[Date Prev][Date Next][Thread Prev][Thread Next][Date Index][Thread Index]
SAX-ext proposal #3: entity encoding, version
- From: David Brownell <david-b@pacbell.net>
- To: xml-dev@lists.xml.org, sax-devel@lists.sourceforge.net
- Date: Wed, 01 Aug 2001 18:00:32 -0700
Locator infoset extensions
- Two of the infoset properties for documents are not supported by
the current SAX2 API (including extensions): the character encoding
used, and the XML version used.
- These are actually characteristics of all parsed entities, not just
the document entity, just like the [base URI] currently exposed through
the Locator interface.
- There may be up to three kinds of encoding name to be concerned with:
* What's declared inline, using an xml/text decl, or defaulted
(UTF-8, UTF-16)
* Sometimes an external declaration, through MIME type, which
is authoritative but which may not agree with the inline decl
* For Java, the name of the encoding actually used by a Reader
will often not match the "winning" declaration name. (For one
example, "UTF8" really means "UTF-8".)
The actual encoding used affects the kind of Unicode normalizations
that need to be done.

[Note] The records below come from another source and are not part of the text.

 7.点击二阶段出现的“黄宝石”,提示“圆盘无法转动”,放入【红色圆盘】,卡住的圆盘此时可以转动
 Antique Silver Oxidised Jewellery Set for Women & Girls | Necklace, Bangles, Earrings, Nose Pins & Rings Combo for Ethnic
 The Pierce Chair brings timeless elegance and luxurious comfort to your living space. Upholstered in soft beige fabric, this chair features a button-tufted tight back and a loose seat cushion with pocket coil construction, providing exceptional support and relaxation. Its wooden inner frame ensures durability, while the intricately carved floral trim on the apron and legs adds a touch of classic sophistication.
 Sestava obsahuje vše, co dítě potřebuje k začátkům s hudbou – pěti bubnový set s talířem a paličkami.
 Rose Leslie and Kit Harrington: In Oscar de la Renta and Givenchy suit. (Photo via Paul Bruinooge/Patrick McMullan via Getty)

That's what the infoset needs (yes?), and it'd
be the one that's declared (externally, else internally), a non-Java name.
PROPOSAL
- Define a new org.xml.sax.ext interface:
public interface Locator2 extends Locator
{
public String getXMLVersion ();
public String getEncoding ();
}
Strings returned would be the relevant values, or null if
the values are not known. The encoding string would
reflect the active declaration.
That would be implemented by Locator objects provided in
setDocumentLocator() callbacks, to expose this information.

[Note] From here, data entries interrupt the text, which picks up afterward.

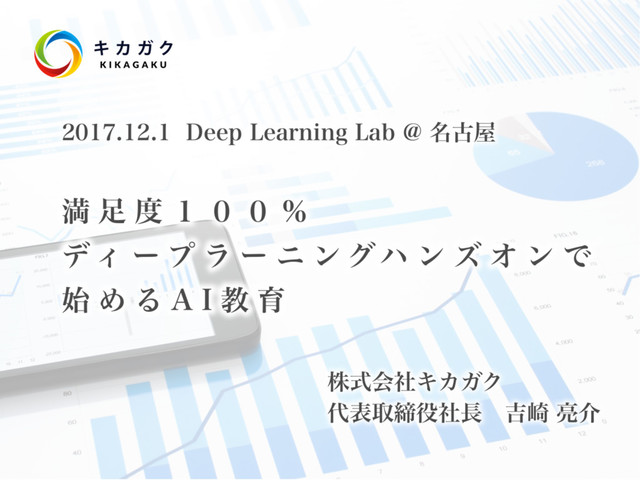 会社紹介 株式会社キカガク 事業内容 機械学習の教育およびコンサルティング 設⽴⽇ 2017年1⽉17⽇ 役員 代表取締役社⻑ 吉﨑 亮介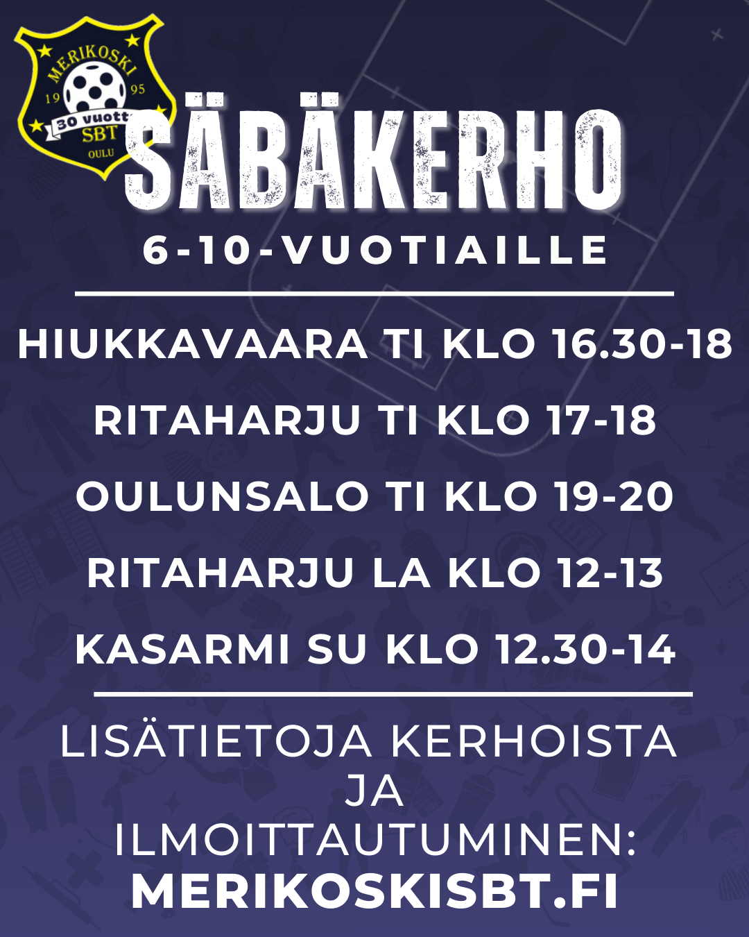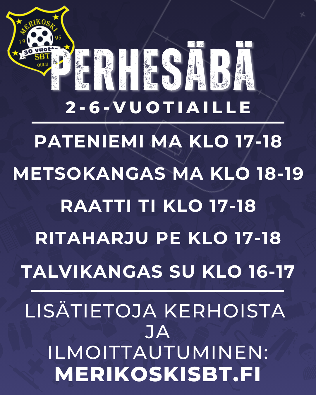Perhesählyn ja Säbäkerhojen ilmoittautuminen on avattu. Merikoski SBT tarjoaa Oulun alueella laadukasta ja monipuolista toimintaa;…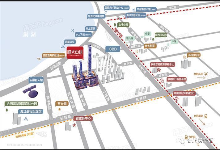 恒大中心位于濱湖新區(qū)灣區(qū)CBD核心區(qū)南寧路與江西路交匯處,距安徽省政府約3公里,是由世界500強(qiáng)中國恒大集團(tuán)斥資165億打造的一座集商業(yè)、辦公、酒店、觀光、居住等功能于一體,最具國際水平的地標(biāo)性建筑及超大型城市綜合體。占地面積13萬方,總建面115萬方,其中包含一座518米的超高層主塔和四座建筑高度99-298米依次遞增布置的副塔,共同構(gòu)筑一線環(huán)湖摩天商務(wù)集群,全面代言合肥商務(wù)發(fā)展的世界高度。

- Define a new org.xml.sax.ext class implementing that
interface, inheriting from org.xml.sax.helpers.LocatorImpl
- Define a new standard feature ID:
http://xml.org/sax/features/use-locator2
Read-only
If true, the Locator object passed in setDocumentLocator
events will also implement the Locator2 interface,
and can be cast to it.
Note that because of the way Java typing works, testing that
feature would be optional: applications could always try to
cast (if they were willing to take the performance hit).
QUESTIONS:
- Is it necessary to expose both types of declared encodings?

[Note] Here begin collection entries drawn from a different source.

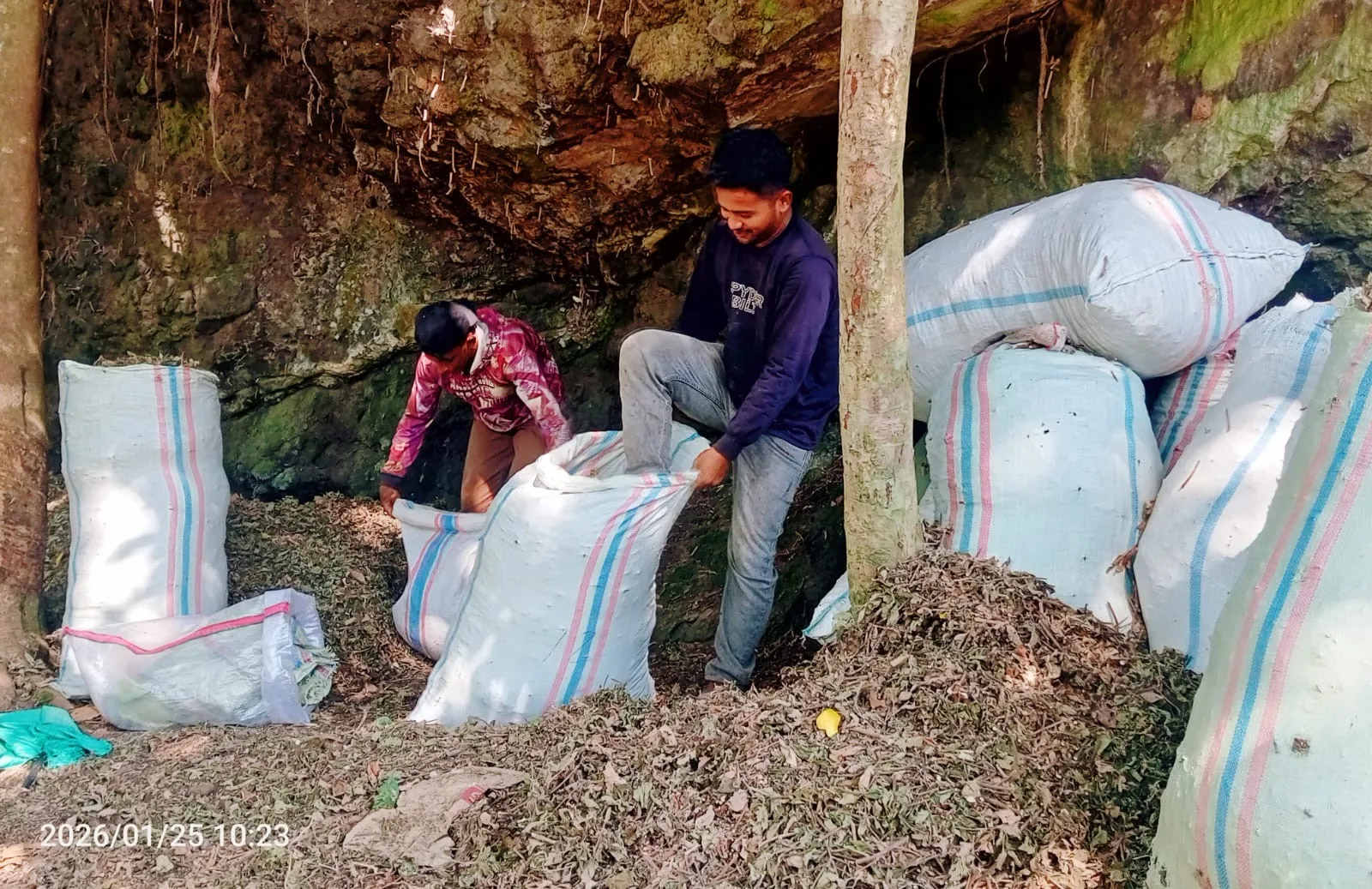 Yusri, petani nilam di Gampong Alue Abed, Kecamatan Panga, Aceh Jaya bersama rekannya seorang buruh sedang mengisi karung goni daun nilam kering. (Foto: Portalnusa.com/Sams)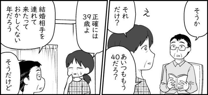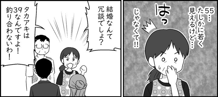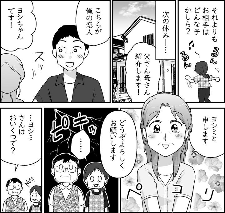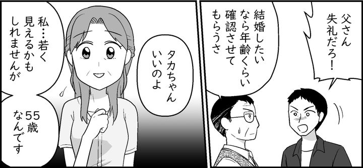 しかしタカアキが紹介してきたのは55歳のヨシミさん。こんなことってあるのでしょうか。年齢であれこれ言いたくはないですが、まだ30代の息子の相手がこんなに年上だなんて……! 私は大きく動揺してしまったのでした。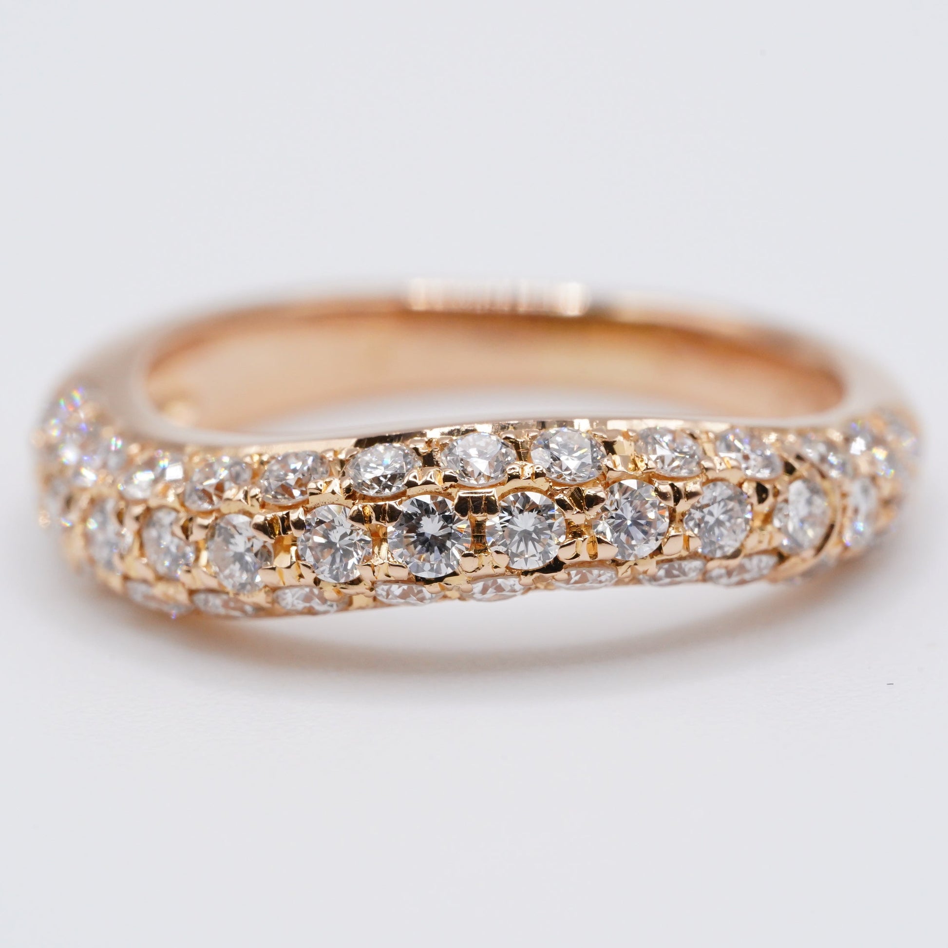 リング全体にダイヤモンドが敷き詰められた(パヴェセッティング)、豪華なデザインです。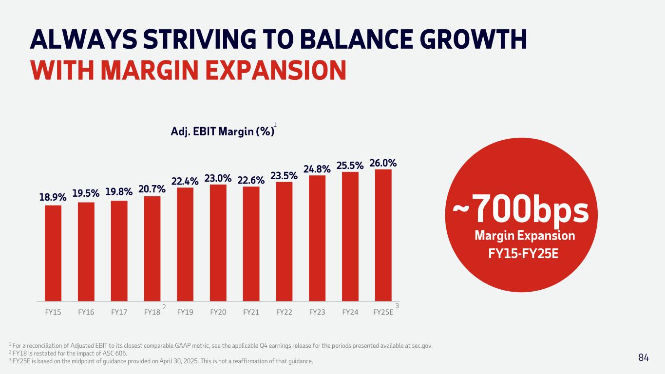 84 ALWAYS STRIVING TO BALANCE GROWTH WITH MARGIN EXPANSION ~700bps Margin Expansion FY15-FY25E 18.9% 19.5% 19.8% 20.7% 22.4% 23.0% 22.6% 23.5% 24.8% 25.5% 26.0% FY15 FY16 FY17 FY18 FY19 FY20 FY21 FY22 FY23 FY24 FY25E Adj. EBIT Margin (%) 1 For a reconciliation of Adjusted EBIT to its closest comparable GAAP metric, see the applicable Q4 earnings release for the periods presented available at sec.gov. 2 FY18 is restated for the impact of ASC 606. 3 FY25E is based on the midpoint of guidance provided on April 30, 2025. This is not a reaffirmation of that guidance. 32 1

If so, proposal: a new String getEncodingDecl () returns the
internal label; getEncoding () would return the (authoritative)
external label. The internal label might be null if it was
defaulted. (Tracking this info costs, and it's not clear any
apps should actually care, which is why it's omitted.)
- Is there a better convention to use for extending interfaces
than the numeric suffix? (Meta-1)
- Is the new implementation class really needed? Alternative:
update LocatorImpl. (Meta-2)